To be able to automatically upgrade namelists between JULES versions or use a GUI to configure JULES runs, Rose is required.
All of this software is freely available:
JULES has only been tested on Linux but, given a suitable Fortran compiler, should run on any Unix-like system with minimal changes. The recommended way to attempt to run JULES on Windows is via the Linux compatability layer Cygwin, although this is untested.
To build JULES with NetCDF, it must be told where to find the NetCDF library files. JULES needs two pieces of information - the directory containing the NetCDF archive files, netcdf.a and netcdff.a (the ‘NetCDF library path’), and the directory containing the NetCDF Fortran 90 module file, netcdf.mod (the ‘NetCDF include path’). In a standard NetCDF install, these are often /usr/lib and /usr/include or /usr/local/lib and /usr/local/include respectively.

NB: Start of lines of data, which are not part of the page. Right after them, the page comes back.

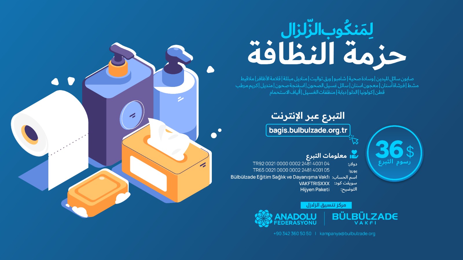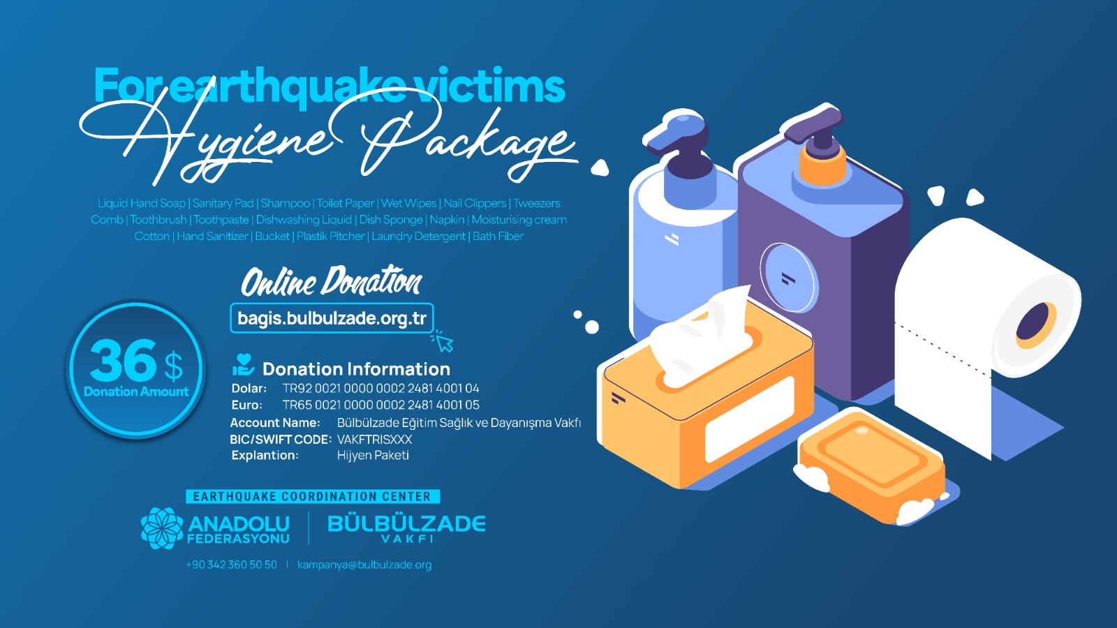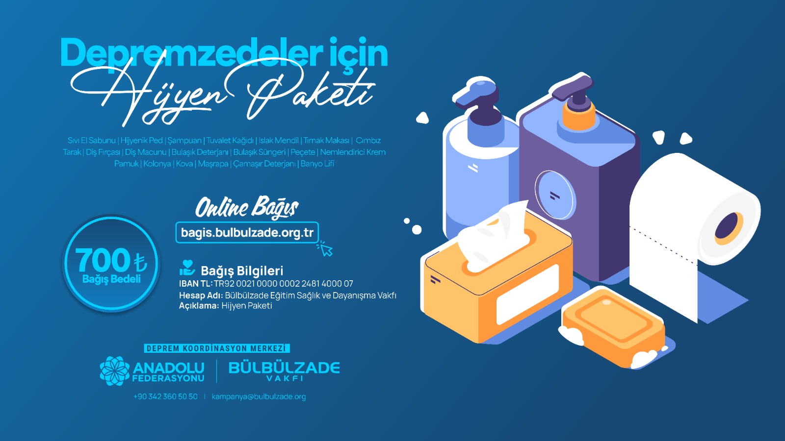 Depremden sonra hijyen ihtiyacının artmasıyla Deprem bölgesinde bulunan vatandaşlara yönelik “Hijyen Paketi” Kampanyamız başladı. Kampanyamız ile vatandaşlara bakım ve kişisel bakım ürünlerinin bulunduğu hijyen paketi gönderilecektir.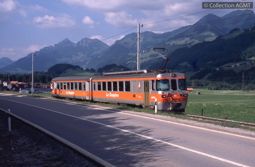 4341(494.41)_GFM_1989-01_d.jpgImage JpegUne rame réversible des GFM à destination de Bulle, formée de l'automotrice 151 et de la voiture-pilote 254, circule en accotement routier à proximité de Lessoc / Jeremy Wiseman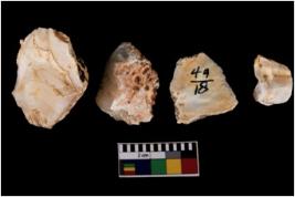 | Description / विवरण | Specimen of a cores with several broad fluted marks. Some of them are tapering at one end. |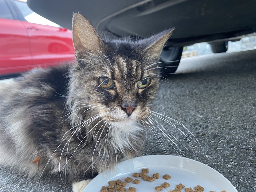 Funn av katt på Hjelle, Bjørnafjorden kommune. Ekstremt avmagret og bærer preg av å ha vært ute en stund. Den er veldig kosete, så den har nok hørt til et hjem engang…

If the nc-config program is installed on your system (run which nc-config to find out), this can be used to determine values for the NetCDF library path (nc-config --flibs) and NetCDF include path (nc-config --includedir). When JULES is built with NetCDF, users can supply either ASCII or NetCDF input files, and all output will be NetCDF.
Warning
For advanced users only
In order to build and run JULES with MPI, additional software is required:
An implementation of MPI compiled using the same compiler you will be using to compile JULES. Several implementations of MPI are available, the most commonly used being MPICH2 and OpenMPI.
Note
The bin directory of your MPI installation must be in your $PATH
A version of HDF5/NetCDF4 compiled with parallel I/O enabled, using the MPI implementation installed above. This is not the default way to compile NetCDF, and must be explicitly enabled. More information on how to do this can be found on the NetCDF website.